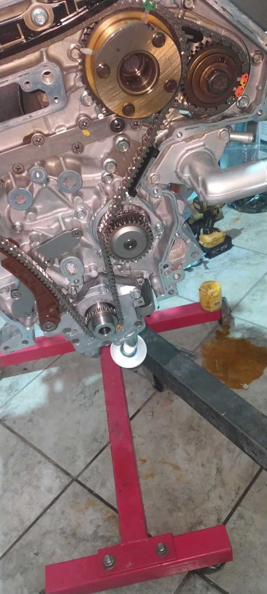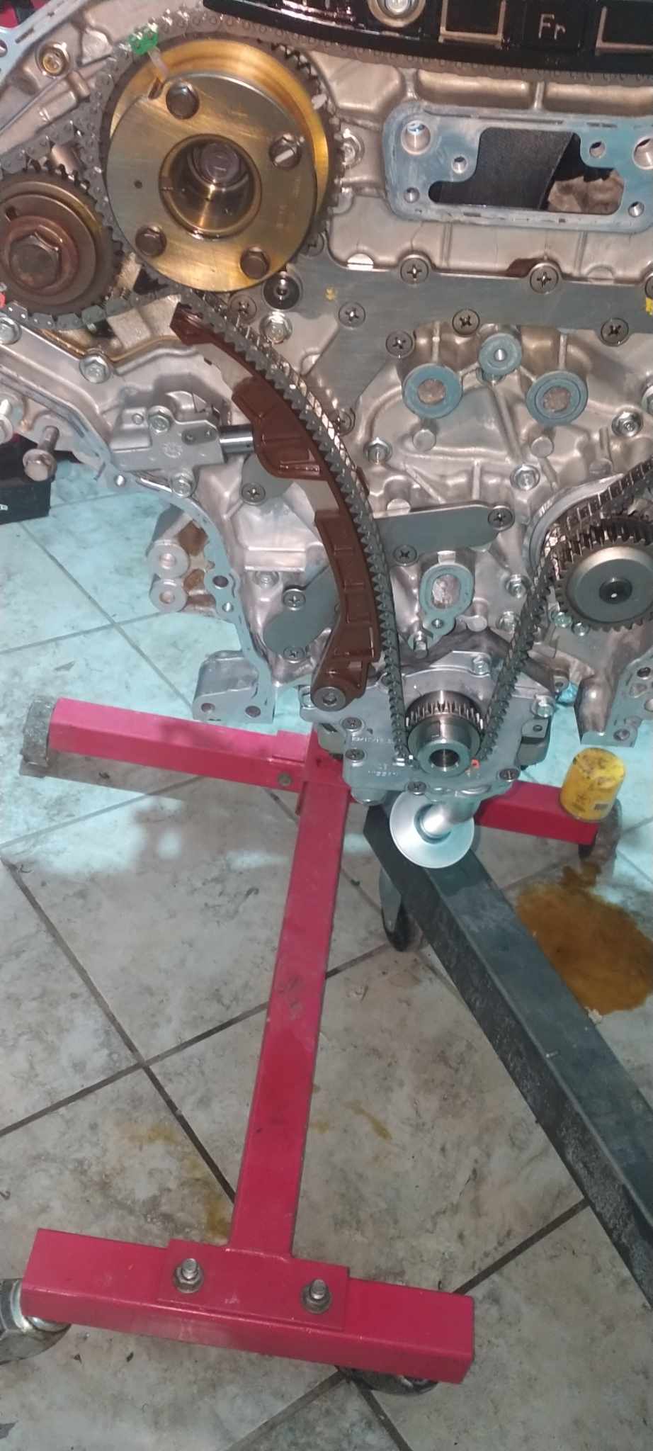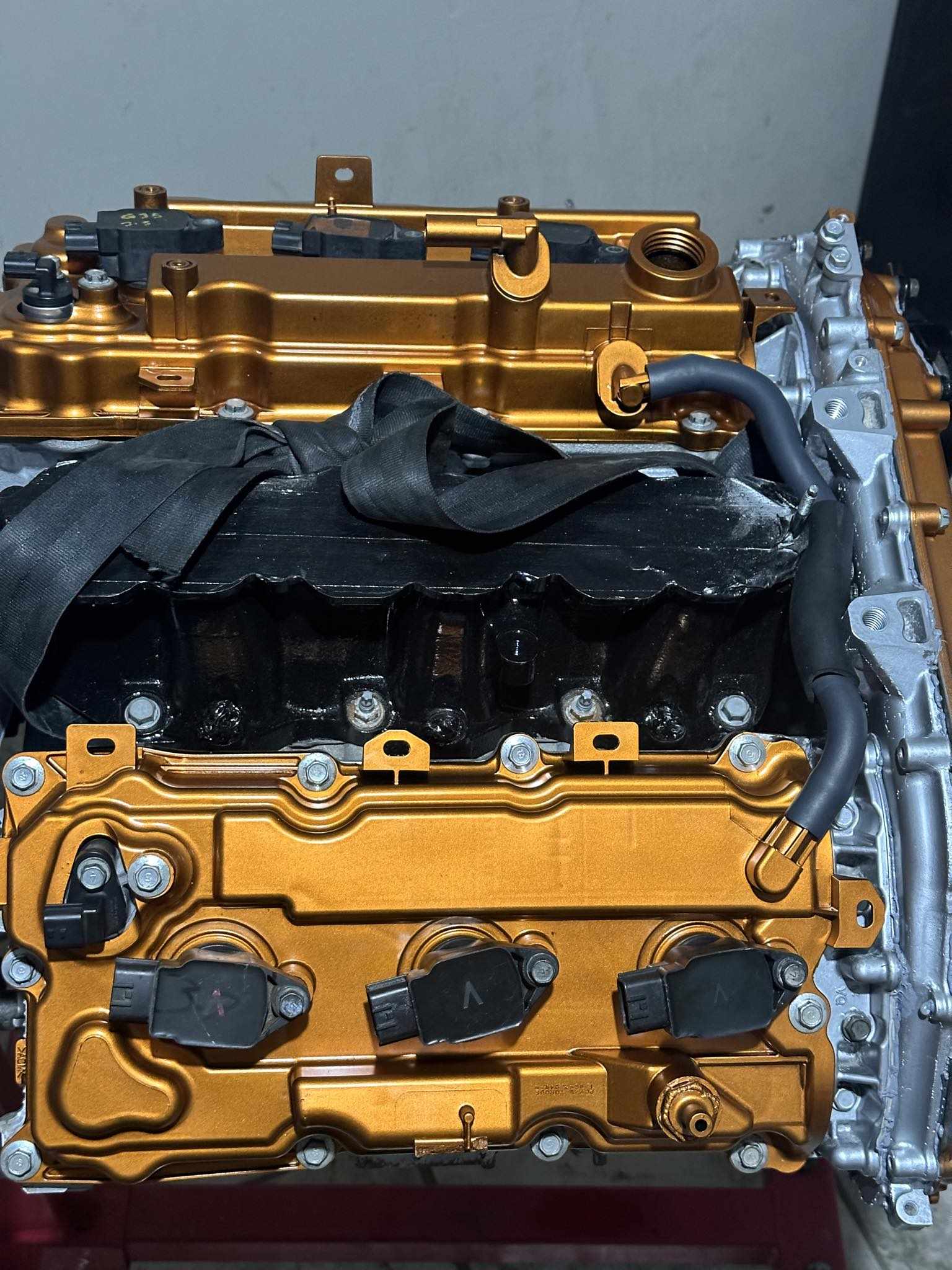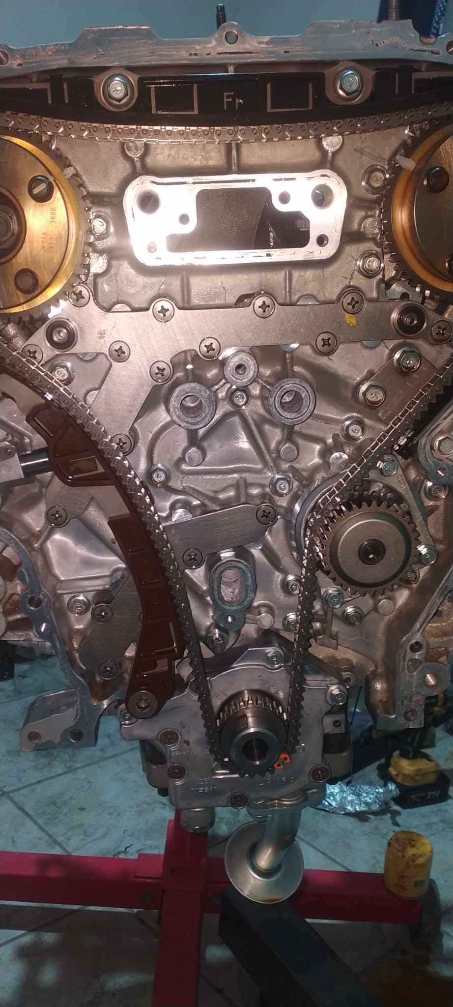 I’ve added more pictures of the timing setup. I had to use VQ30DE intake cam bolts for the third-generation exhaust cams. I also painted the timing cover and opted to use the cover from my original engine because I prefer the style of VVT covers, similar to those found on GTRs and VHRs.
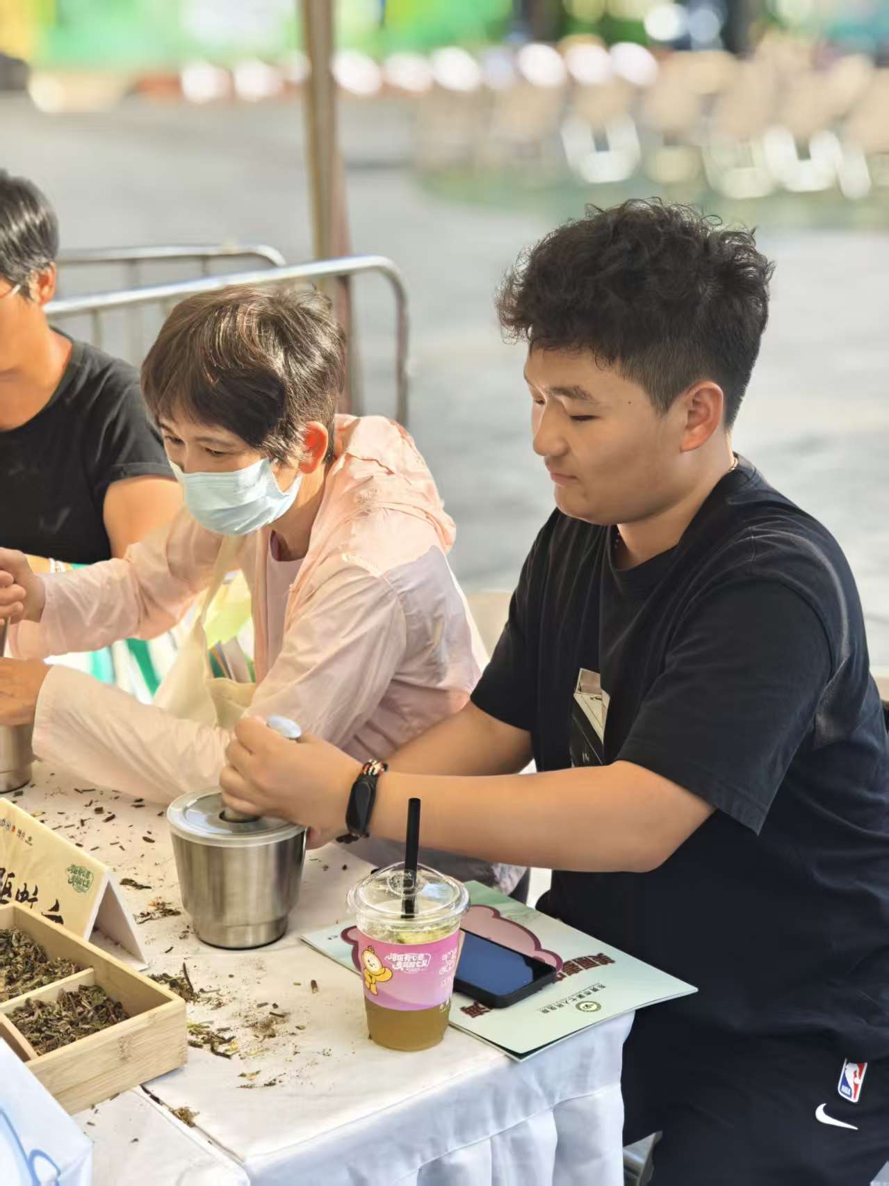 本草心疗站内,紫苏、薄荷的清香与同学们的欢声笑语交织。大家根据中医师指导配伍药材,制作独具个性的安神香囊。让同学们体验到原来中医药材不仅可以zg治病,还能成为随身携带的‘情绪管家’。”一旁的麦小七补能站前,同学们一边品尝特调的情绪特饮,一边与心理咨询师畅聊心事,实现心灵的“即时充电”。
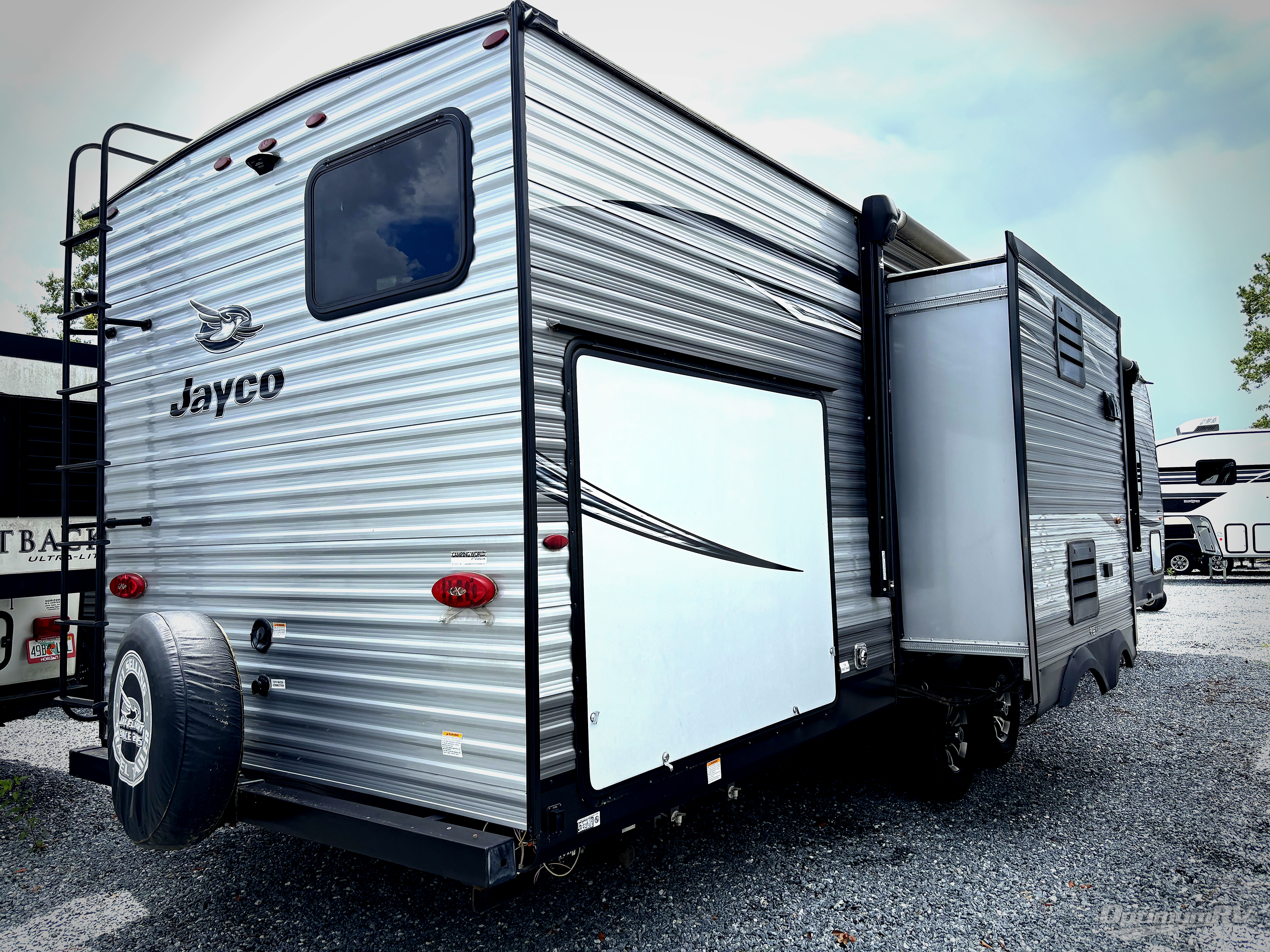 As the best-selling travel trailer in America, the Jayco Jay Flight travel trailer features all that you need for reliable, comfortable, and accommodating adventures! The American-made Goodyear tires, Dexter axles with Nev-R-Adjust brakes, and E-Z Lube hubs are what make it a dream to tow the Jay Flight, and the fully integrated A-frame and Magnum Truss roof system create a foundation that will last for years to come. Make your time spent at the campground an enjoyable one by using the power awning with LED lights and speakers as you sit around in some lawn chairs and share ghost stories by the campfire. Plus, if your hands get sticky from the roasted marshmallows, you can use the outside shower to rinse them off.
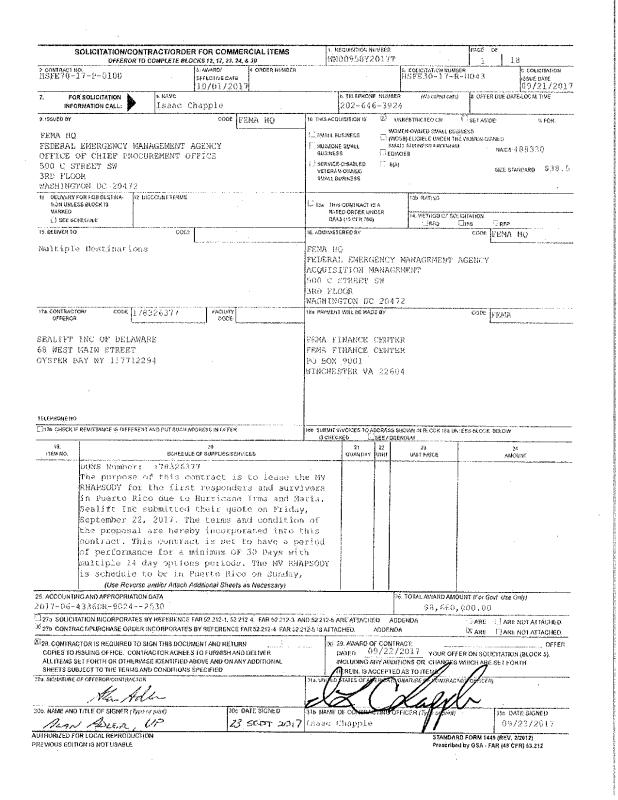 dropbox/COLLECTION- Research/Katrina Batch 1/NARA catalog katrina/fema/FEMA Frequently Requested Records/Sealift Inc of Delaware, HSFE70-17-P-0100.pdf
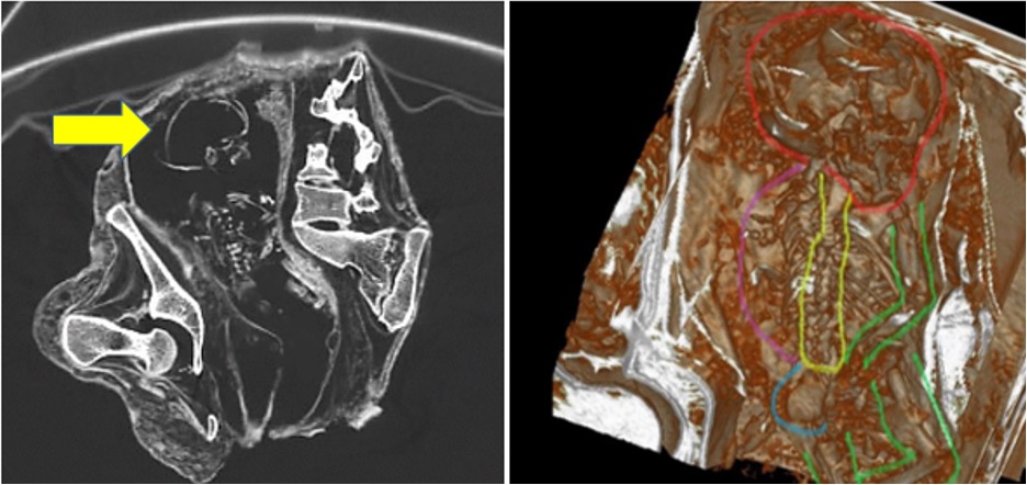 In the first image above, the yellow arrow points to the head of the fetus. The second photo shows the CT scan within a clear protective envelope. The red line drawn on the envelope delineates the fetus’ head and the yellow line its spine. The other lines are confusing but may mark the location of arms and legs.

_ _ _ _ _

For every record above, repeat the text exactly and omit any picture.

 I’ve added more pictures of the timing setup. I had to use VQ30DE intake cam bolts for the third-generation exhaust cams. I also painted the timing cover and opted to use the cover from my original engine because I prefer the style of VVT covers, similar to those found on GTRs and VHRs.
 本草心疗站内,紫苏、薄荷的清香与同学们的欢声笑语交织。大家根据中医师指导配伍药材,制作独具个性的安神香囊。让同学们体验到原来中医药材不仅可以zg治病,还能成为随身携带的‘情绪管家’。”一旁的麦小七补能站前,同学们一边品尝特调的情绪特饮,一边与心理咨询师畅聊心事,实现心灵的“即时充电”。
 As the best-selling travel trailer in America, the Jayco Jay Flight travel trailer features all that you need for reliable, comfortable, and accommodating adventures! The American-made Goodyear tires, Dexter axles with Nev-R-Adjust brakes, and E-Z Lube hubs are what make it a dream to tow the Jay Flight, and the fully integrated A-frame and Magnum Truss roof system create a foundation that will last for years to come. Make your time spent at the campground an enjoyable one by using the power awning with LED lights and speakers as you sit around in some lawn chairs and share ghost stories by the campfire. Plus, if your hands get sticky from the roasted marshmallows, you can use the outside shower to rinse them off.
 dropbox/COLLECTION- Research/Katrina Batch 1/NARA catalog katrina/fema/FEMA Frequently Requested Records/Sealift Inc of Delaware, HSFE70-17-P-0100.pdf
 In the first image above, the yellow arrow points to the head of the fetus. The second photo shows the CT scan within a clear protective envelope. The red line drawn on the envelope delineates the fetus’ head and the yellow line its spine. The other lines are confusing but may mark the location of arms and legs.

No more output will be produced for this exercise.